__BRIEF__
Leave out pictures; repeat exactly the lines from the "终点D: 07-19:10, 共68交易小时" line through the last of the data below.

__THE DATA__

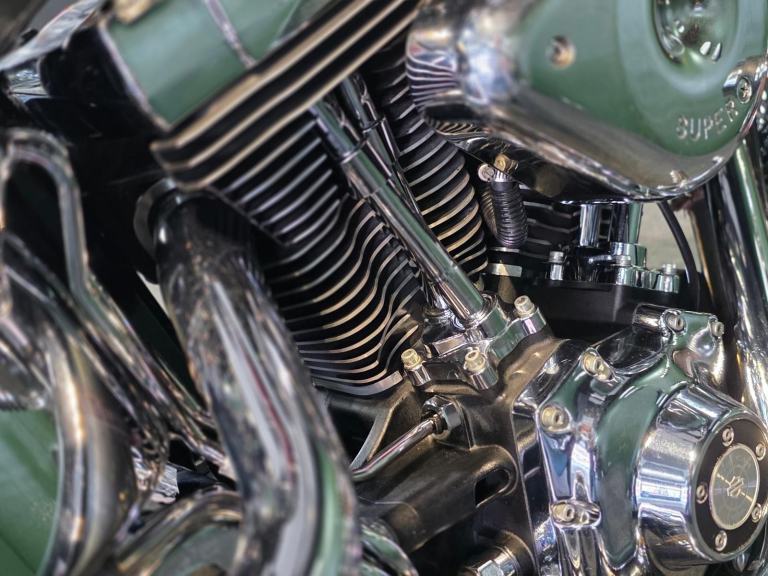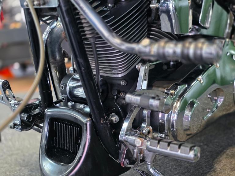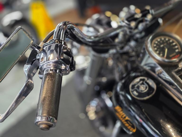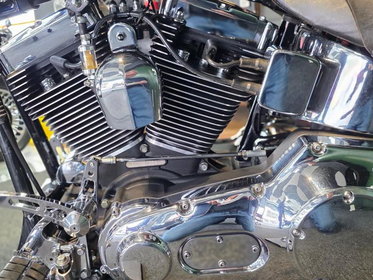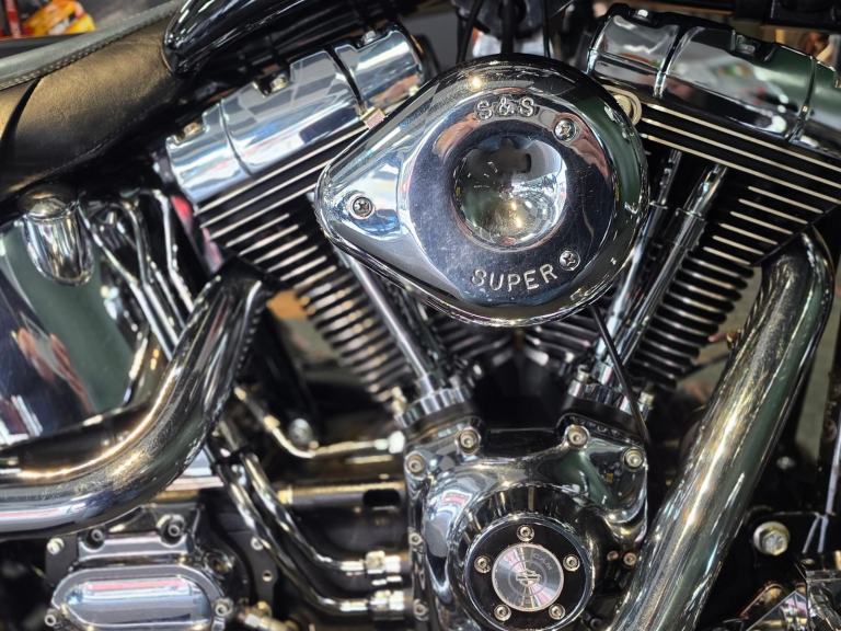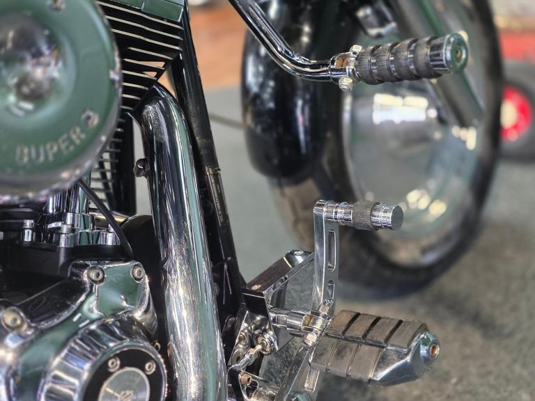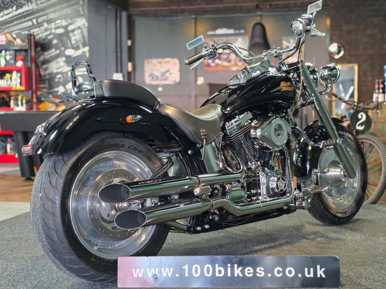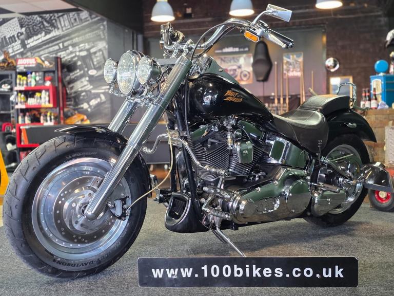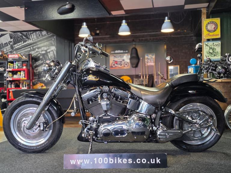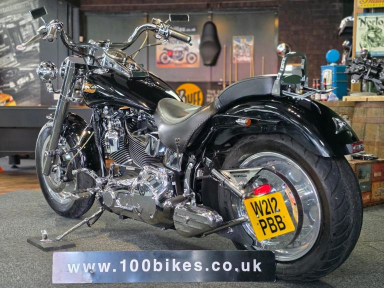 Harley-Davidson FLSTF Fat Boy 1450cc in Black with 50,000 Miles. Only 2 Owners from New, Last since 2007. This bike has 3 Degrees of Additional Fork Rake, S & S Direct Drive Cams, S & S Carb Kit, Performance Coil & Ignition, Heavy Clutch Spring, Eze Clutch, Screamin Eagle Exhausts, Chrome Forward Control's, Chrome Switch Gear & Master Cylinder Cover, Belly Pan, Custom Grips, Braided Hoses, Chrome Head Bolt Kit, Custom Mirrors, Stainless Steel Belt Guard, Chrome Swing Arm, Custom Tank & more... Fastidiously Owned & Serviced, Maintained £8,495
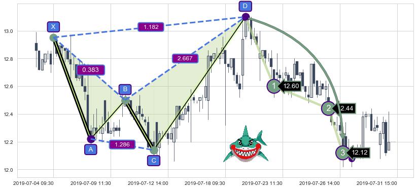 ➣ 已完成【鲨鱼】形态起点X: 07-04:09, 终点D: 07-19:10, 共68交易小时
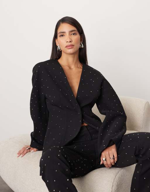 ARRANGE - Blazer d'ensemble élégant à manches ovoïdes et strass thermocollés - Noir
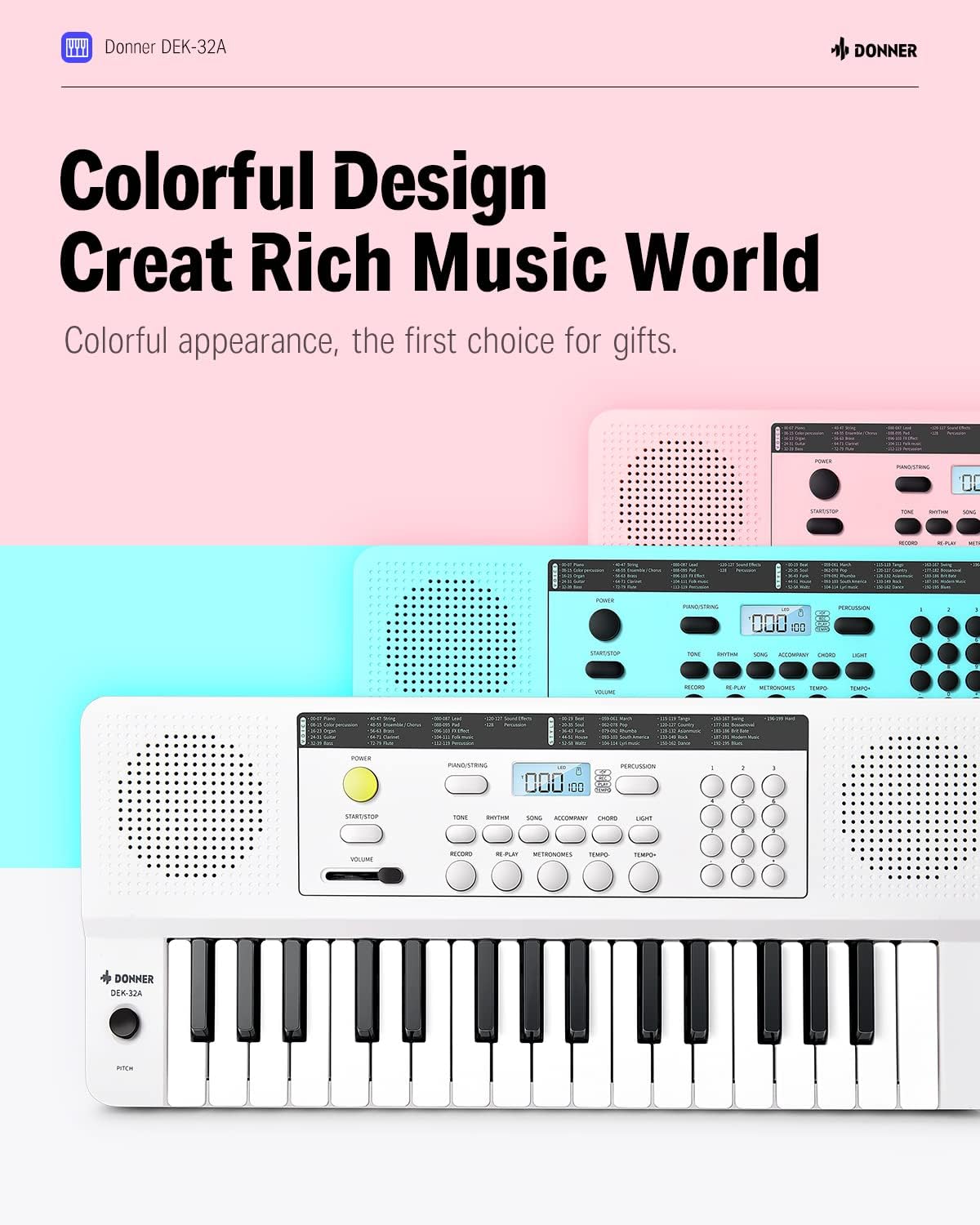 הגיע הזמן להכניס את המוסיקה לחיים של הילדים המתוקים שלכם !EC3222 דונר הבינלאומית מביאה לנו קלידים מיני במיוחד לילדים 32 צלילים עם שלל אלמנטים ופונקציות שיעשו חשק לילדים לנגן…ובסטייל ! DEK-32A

__WRITTEN SOLUTION__
 ➣ 已完成【鲨鱼】形态起点X: 07-04:09, 终点D: 07-19:10, 共68交易小时
 ARRANGE - Blazer d'ensemble élégant à manches ovoïdes et strass thermocollés - Noir
 הגיע הזמן להכניס את המוסיקה לחיים של הילדים המתוקים שלכם !EC3222 דונר הבינלאומית מביאה לנו קלידים מיני במיוחד לילדים 32 צלילים עם שלל אלמנטים ופונקציות שיעשו חשק לילדים לנגן…ובסטייל ! DEK-32A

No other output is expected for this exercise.